CBW 2021 Metagenomic Taxonomic and Functional Composition Tutorial Answers - LangilleLab/microbiome_helper GitHub Wiki

These are the answers for the Metagenomic Taxonomic and Functional Composition Tutorial created for the 2021 microbiome data analysis Canadian Bioinformatics Workshop.

  1. There should be the same number of reads in the reverse FASTQ for each sample. So there should be 100000/4 = 25000 for sample CSM79HR8 and 100400/4 = 25100 for sample HSM7J4QT.

  2. Only 119 reads were removed due to matching the human and/or PhiX genomes, which again highlights that this data has already been stringently filtered.

  3. Researchers have different preferences and opinions about how raw data should be pre-processed. It's important to upload all the raw data so that your work can be fully reproducible and so different pipelines could be used.

  4. The text {/.}.kraken.txt and {/.}.kreport is what is used to indicate the name of the output files from our kraken2 command. Remember that the text {} is replaced by the input file read by the argument at the end of our command ::: cat_reads/*.fastq. By including a /. within {} it means we want to remove the full address of the input file and only keep the file name rather than its whole PATH.

  5. We could figure out the total number of taxa that were identified in all of our samples using the wc -l command and subtracting one. wc -l bracken_out_merged/merged_output.species.bracken. This results in a total of 248 taxa being identified.

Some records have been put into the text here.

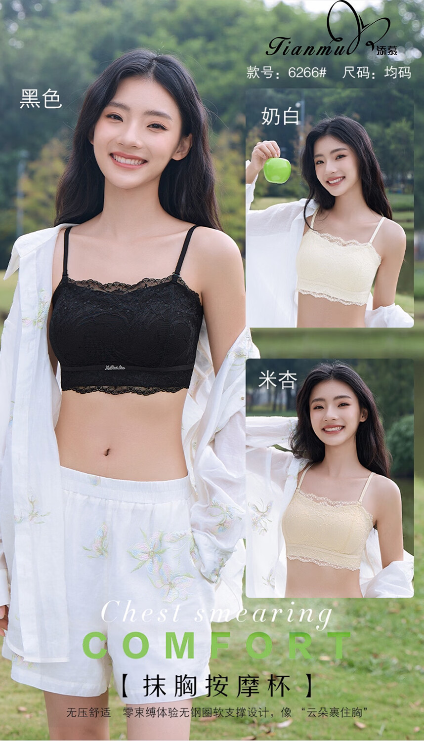 Timber strap tube top massage fixed cup summer thin lace lace beautiful back bra skin-friendly underwear women's versatile fashion black tube top massage cup one size recommended 90-130 Jin Jin equals 0.5 kg
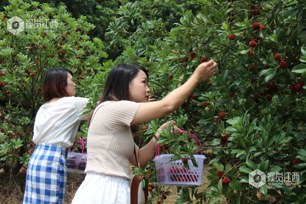 走进该杨梅基地探访时,络绎不绝的游客纷纷往杨梅基地赶,游客的欢声笑语使杨梅林充满了生机。放眼望去,漫山遍野的杨梅树上,朱红点点的果实、已是压满枝头,新鲜的杨梅果实,像一颗颗闪闪发光的红色、紫色玛瑙,晶莹饱满、让人垂涎欲滴。
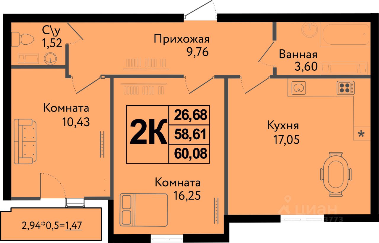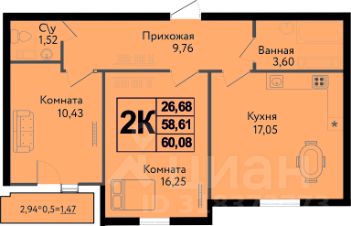 Общая площадь60,08 м²
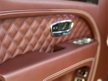 21款宾利添越3.0内饰由英国克鲁工厂纯手工完成,用料做工极为考究,座席肩部钻石纹绗缝工艺,剪裁精巧,座席之上刺绣宾利徽章所洋溢的对称风格设计,庄重而别致。最上方的这块石英表做工足够精致,传统钟表在车内出现更多的作用就是提升品位。
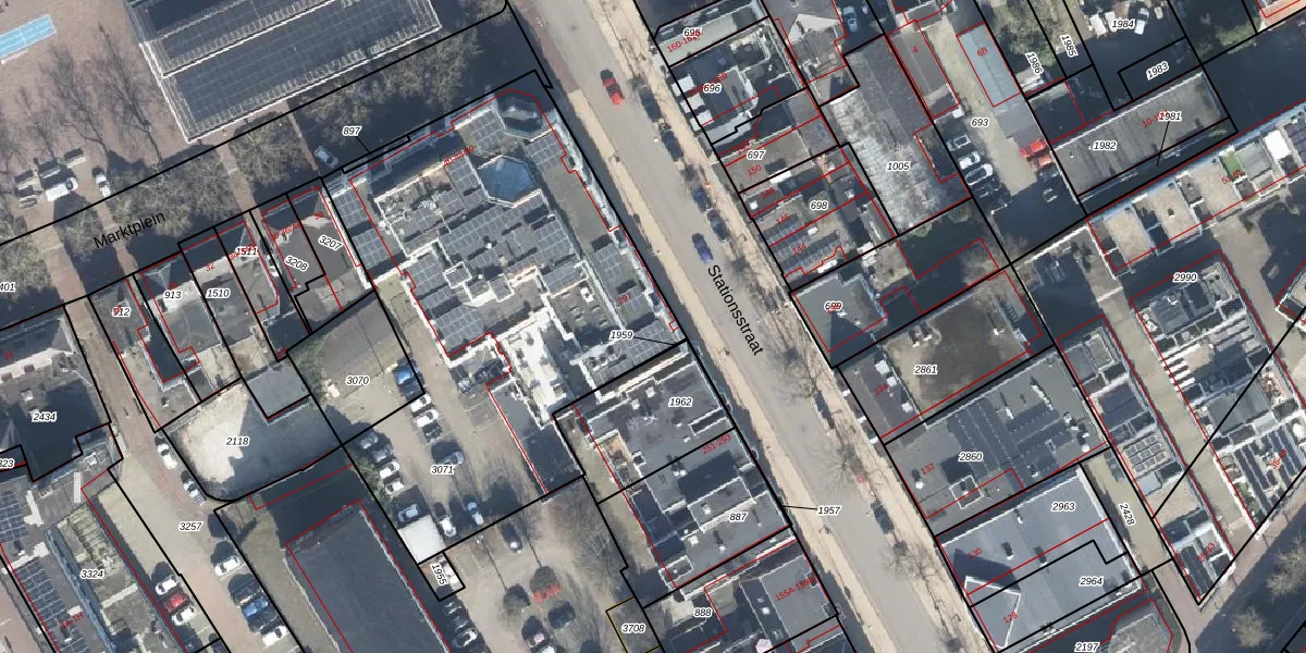 Het perceel waarop Marktplein 44-8 staat heeft een oppervlakte van 2295 m². Dit is een zeer groot perceel. De perceeloppervlakte wordt geregistreerd door het Kadaster. Gedetailleerde informatie over de maten van dit perceel kunt u vinden in het rapport Kadastrale kaart met maatvoering van Marktplein 44-8.
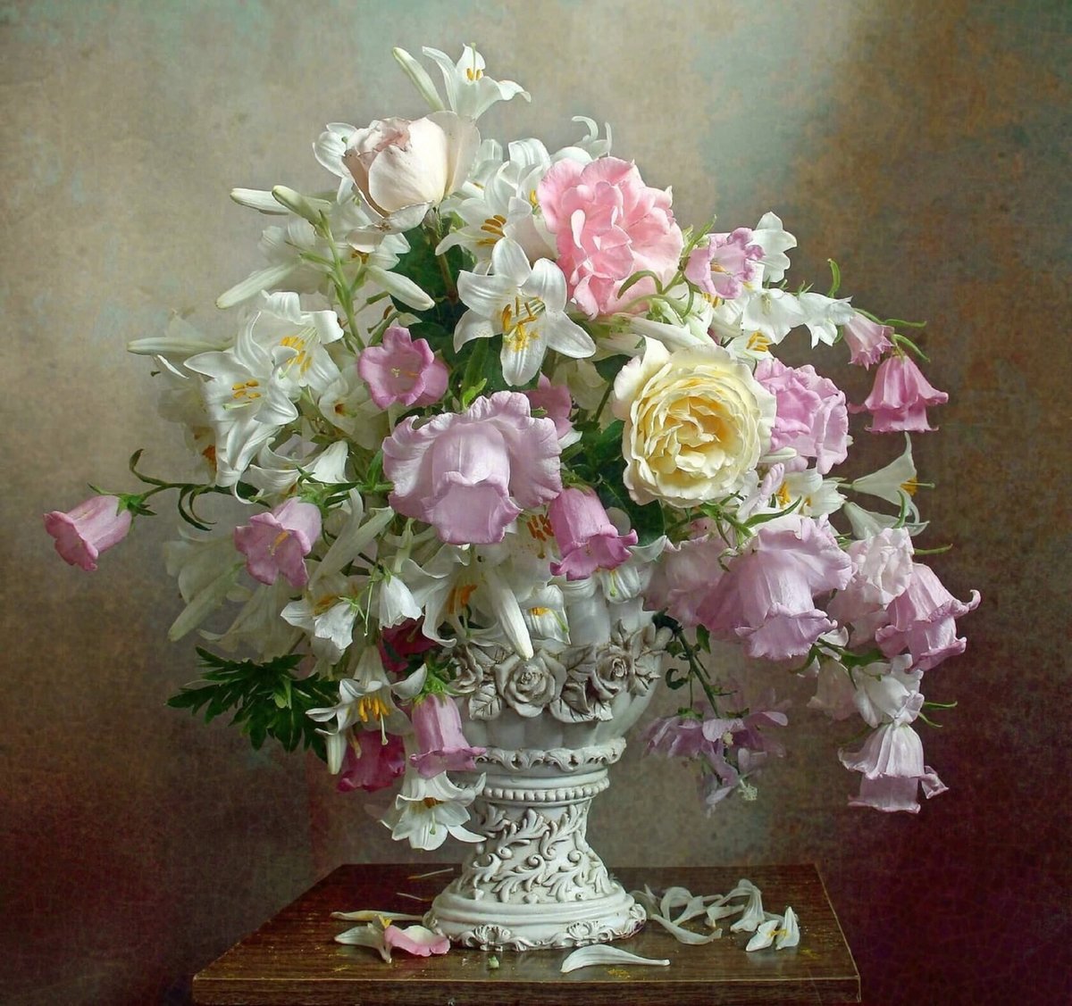 Теги: пионы, натюрморт, букет, белые цветы, розы, розовые цветы, бабочки.

  6. The sequence HKWJVBCXY170606:2:2116:8029:10262/1 aligned with 25 protein sequences (the maximum number we allowed in our mmseqs command). There are four protein sequences that share the highest bitscore/lowest E-value with this sequence. UniRef90_A7LXV1 UniRef90_A7LXV1 UniRef90_A0A174F8K1 UniRef90_A0A1F0I3S4.

  7. The RPKM of EC 2.1.2.9 (Methionyl-tRNA formyltransferase) contributed by Bacteroides vulgatus is 985.117.

  8. The enzyme with EC number 6.1.1.4 is named Leucine--tRNA ligase.

  9. We can get the total number of pathways identified by examining the total number of entries into the unstratified table using this command: zcat pathways_out/path_abun_unstrat.tsv.gz | wc -l Remember that we need to remove 1 (for the header line). Therefore in total there are 4 pathways identified.

  10. Inspecting the stratified pathway abundances using less pathways_out/path_abun_strat.tsv.gz. We will see that there are two taxa that contribute the the PANTO-PWY pathway.